The principal was of course delighted. He knew about this class and its reputation for incorrigibility. And one day he called her into his office and asked her: What did you do? She felt compelled to tell him the truth. She confessed that when he had been out of town, she had looked up children’s IQs.

The principal forgave her. Congratulated her. Then he said something surprisingÊ "I think you should know, Mrs. Dougherty—those numbers, next to the children’s names, they’re not IQ scores, they’re their locker numbers."

I heard this story from Dr. Carl Boyd, who is president of an educational foundation in Kansas City. He says the story is true, and I believe him. The moral for teachers is obvious: demand and expect excellence from students and you’ll get the best they can give. Be tough on them. Be like Mrs. Dougherty.

Some of you may think that this is self-evident, that it’s only common sense. Who questions setting and enforcing high standards for students? The answer is a lot of education experts. Many professors and deans at our leading schools of education have convinced themselves and others that American children are vulnerable, fragile, and in crisis. They believe children are harmed by teachers who enforce high standards. They want teachers to pay attention to the child’s self-esteem and emotional stability. The fashion in many classrooms is for teachers to break the class up into small, non-threatening, cooperative learning groups – the teacher is more of a supportive facilitator—rather than a demanding task master.

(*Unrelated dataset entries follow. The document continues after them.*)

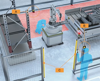 - エリアセンサやライトカーテンなどを設置し、人を感知して動作を停止するようにする。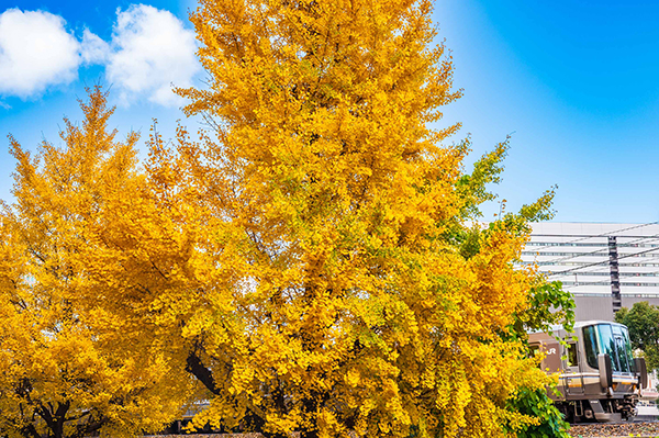 ●寒風に負けずに残ったイチョウの黄葉。そこから飛び出してきたのは、大阪駅に向かう223系回送列車。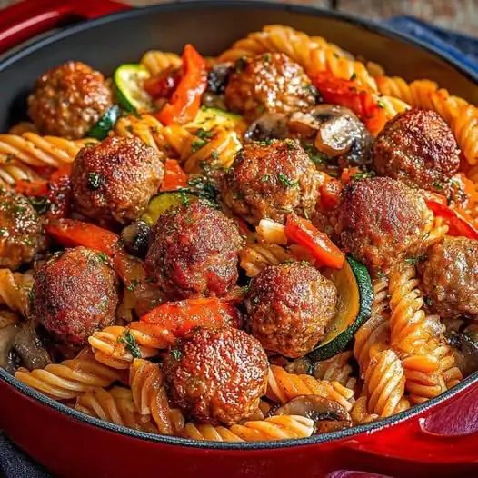 Pâtes aux Boulettes Gourmandes et Légumes en Sauce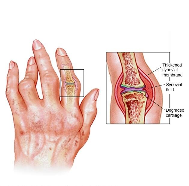 Rheumatoid arthritis happens while your immune system strikes on synovial or lining of joints. As a result, infection swells the synovial, which can ultimately damage the bone and cartilage inside the joint.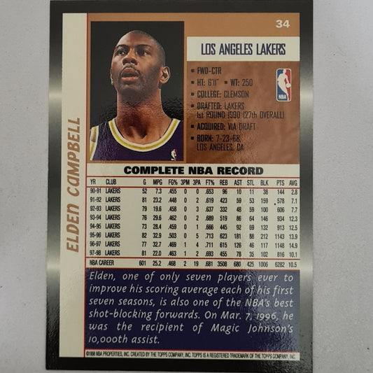 Elden Campbell 1998 Topps #34 NBA Basketball LA Lakers Excellent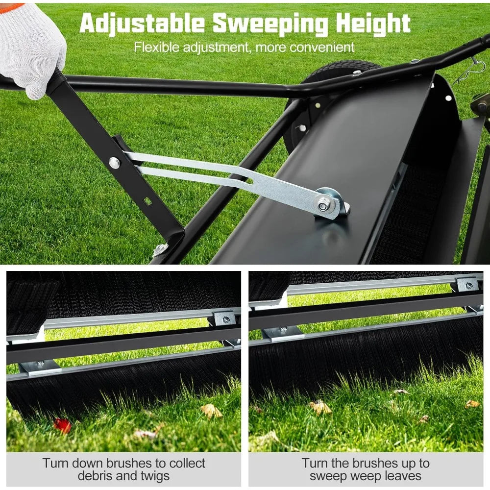- 【42" Cleaning Width & Adjustable Sweeping Height】This tow-behind lawn sweeper is equipped with 4 heavy-duty nylon brushes, with a sweeping width of 42", offering efficient cleaning and quick leaf collection. Moreover, the sweeping height is effortless to adjust, making it ideal to collect different debris types.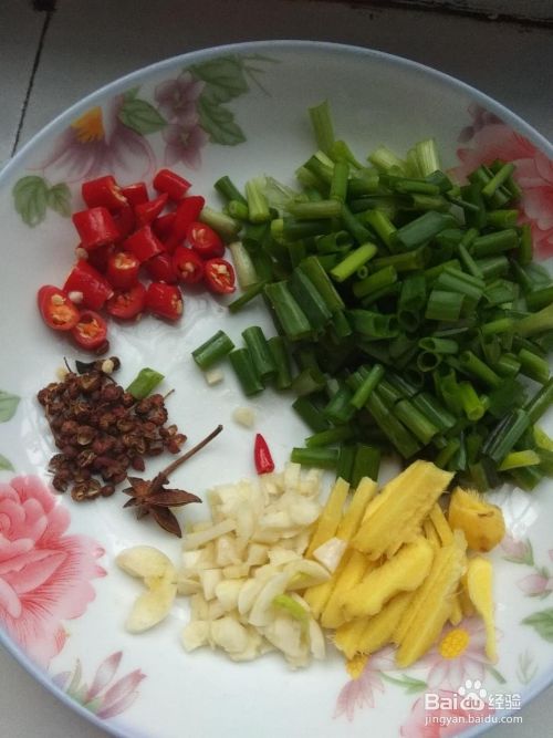 然后把葱,姜,蒜头,小米椒,都切好,八角,花椒都准备用。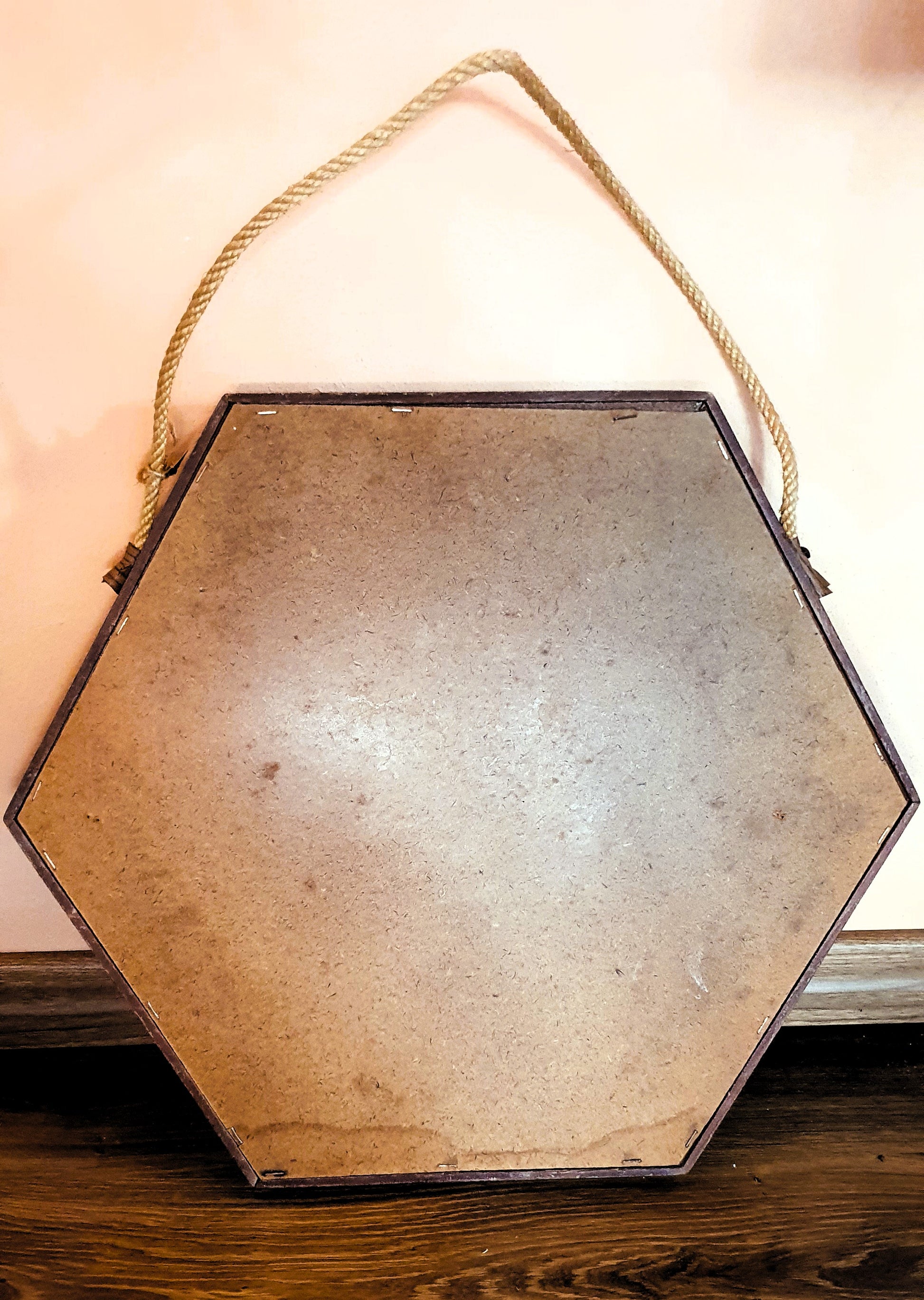 Specchio esagonale con cornice in legno di teak e cinghia in corda.

In the early nineties it was the girls who were portrayed as being at special risk, in need of a therapeutic pedagogy; now it’s the boys as well.

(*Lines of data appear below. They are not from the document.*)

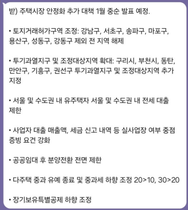 [땅집고] 정부의 1월 부동산 대책을 둘러싸고 시장에 각종 ‘지라시’가 돌고 있다. 아직 정부가 공식적으로 밝힌 내용은 없지만, 다주택자 세금 규제 강화, 토지거래허가구역 해제, 투기과열지구 확대 등이 주요 키워드로 거론된다. 그동안 지라시 내용들이 대책에 포함된 적이 많아 상당수 시장 참여자들은 사실로 받아들이고 있다. 국토교통부는 이달 중 부동산 시장 안정화를 위한 새로운 공급 대책을 발표할 예정이다.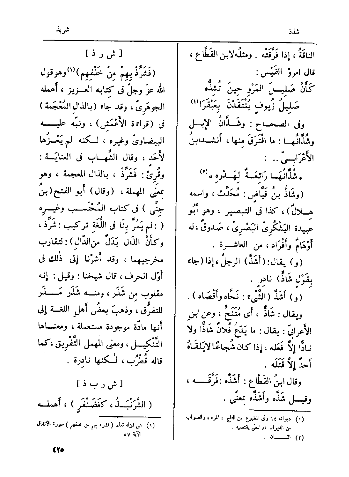 : (فَشَرِّذْ بِهِمْ مِنْ خَلْفِهِم) وَهُوَ قَول الله عزّ وجلّ فِي كِتابه الْعَزِيز، أَهمله الجوهَرِيّ، وَقد جاءَ (بِالذَّالِ المُعْجَمة) فِي (قراءَة الأَعْمَشِ) ، ونبّه عَلَيْهِ البيضاويّ وَغَيره، لاكنه لم يَعْزُها لأَحَدٍ، وَقَالَ الشِّهاب فِي العنايَة: وقُرِىء: فَشَرِّذْ، بِالذَّالِ الْمُعْجَمَة، وَهُوَ بِمَعْنى الْمُهْملَة، (وَقَالَ) أَبو الْفَتْح (بنُ جِنِّي) فِي كتاب المُحْتَسب وغيرِه (: لم يَمُرَّ بِنَا فِي اللُّغَةِ تركيب: شَرِّذ، وكأَنَّ الذَال بَدَلٌ من الدّالِ) : لتقارب مخرجيهما، وَقد أَشرْنا إِلى ذالك فِي أَوّل الْحَرْف، قَالَ شَيخنَا: وَقيل: إِنه مقلوب مِن شَذَر، وَمِنْه شَذَرَ مَذَر للتفرُّق، وذهبَ بعضُ أَهلِ اللُّغَة إِلى أَنها مادّة مَوْجُودَة مستعملة، وَمَعْنَاهَا التَّنْكِيل، وَمعنى المهمل التَّفْرِيق، كَمَا قَالَه قُطْرُب، لاكنها نادِرة.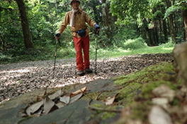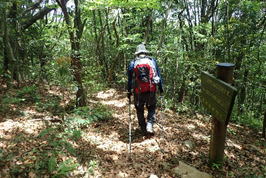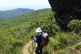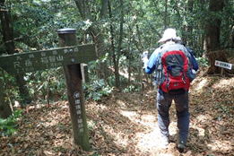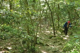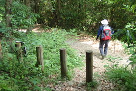 ![]() 登山道を踏み締め、黙々と上るH師匠 |
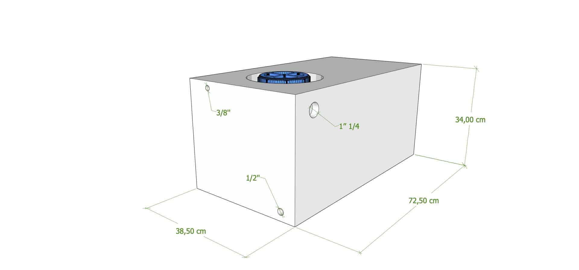 Grazie alle sue dimensioni compatte (73×39×34 cm), può essere installato facilmente in spazi ridotti, mantenendo comunque una capacità generosa. Il tappo a vite femmina verde assicura una chiusura ermetica e pratica, riducendo il rischio di perdite e facilitando le operazioni di riempimento o manutenzione.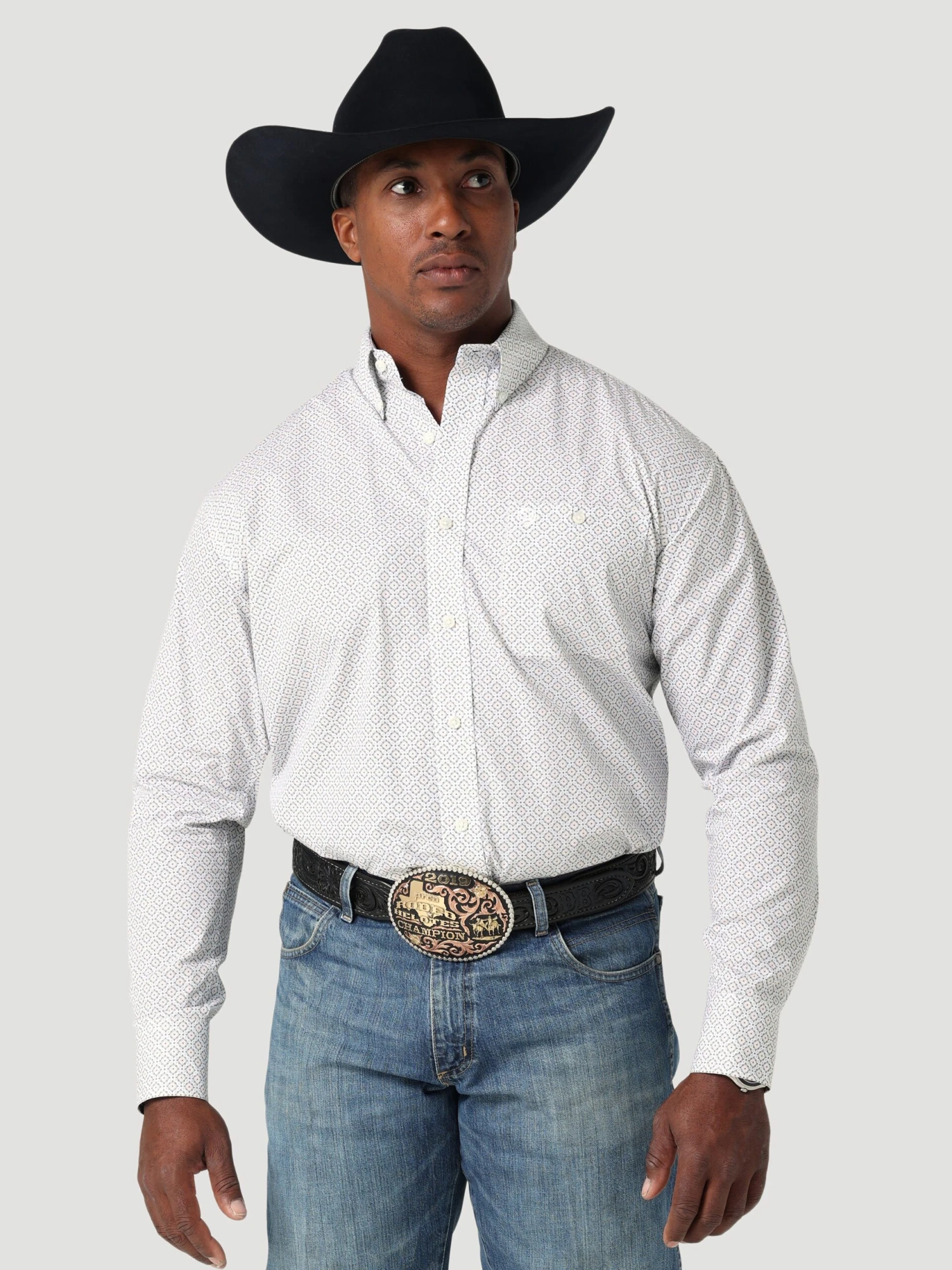 Steel Peach Print Long Sleeve Button Down Shirt.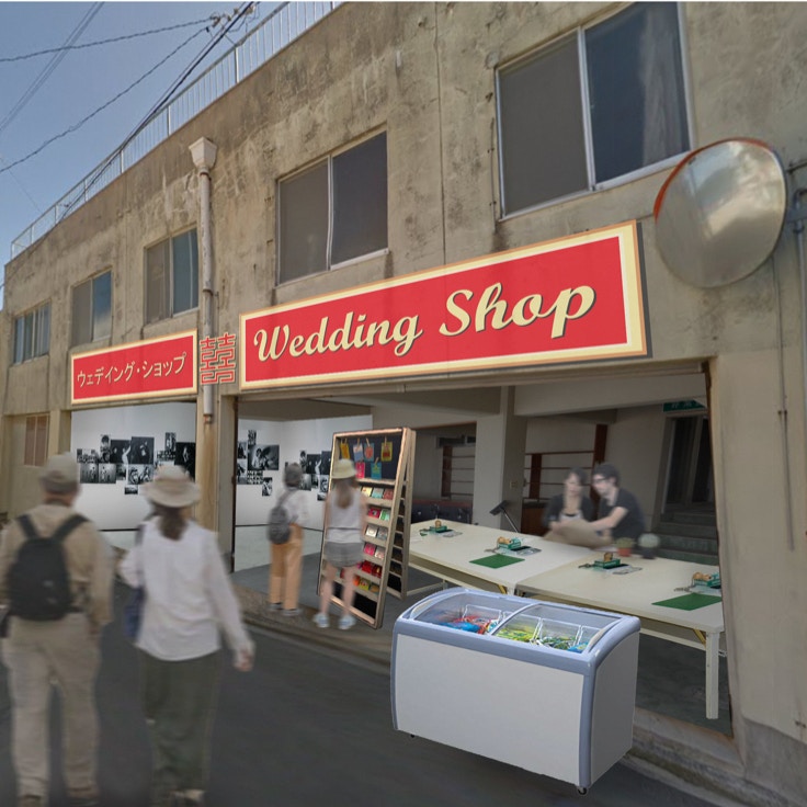 梁家泰(リョン・カータイ)+赤い糸は、「女木島という社会での結婚の意味の移り変わりを読み解き、人と人との多様な関係性を結婚と同じように祝福し、島に取り戻す」というコンセプトのもと、芸術祭にあわせてウエディングショップをオープン。この作品を通して参加者は、じっさいに結婚式を挙げることができるというユニークなものだ。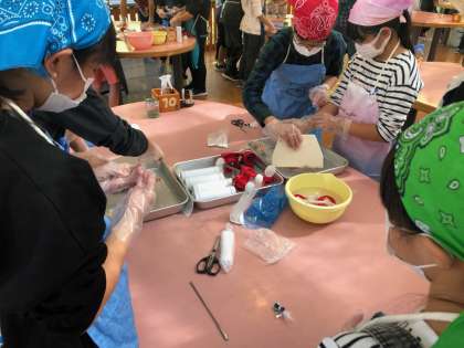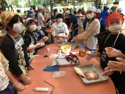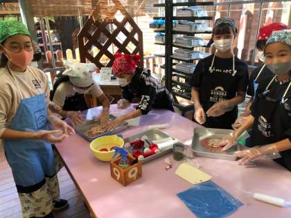 お肉を練ったら、ヘラでお肉を真ん中に寄せ、バジルを入れたいグループは入れます(グループで入れるかどうか決めています)。バジルをいれたグループはさらに混ぜ、入れないグループはお肉を薄くのばしておきます。

My own view is that the child-crisis is a myth. And I believe that taking a therapeutic approach to education is a very bad ideaÊfor all students. But, as I shall try to show, it is especially harmful to boys. The idea that our children are fragile, being harmed by the dominant culture which forces them into feminine or masculine gender stereotypes, is now the fashion in education. Let me tell you who promoted and popularized this idea and then give you my reasons for rejecting it.

The girl-crisis came first and a single professor at Harvard University is the person most responsible for promulgating it. In 1989, Carol Gilligan, a professor at the Harvard School of Education and a pioneer in the field of women’s psychology, announced her finding that the nation’s adolescent girls were in crisis. In her words, "As the river of a girl’s life flows into the sea of Western culture, she is in danger of drowning or disappearing." Gilligan believes girls are silenced –"they lose their voice" as they enter adolescence in our male-centered society. Her distressing portrait of endangered girls had no basis in reality—as I shall show. But it fascinated an uncritical media who helped gain for it a widespread acceptance.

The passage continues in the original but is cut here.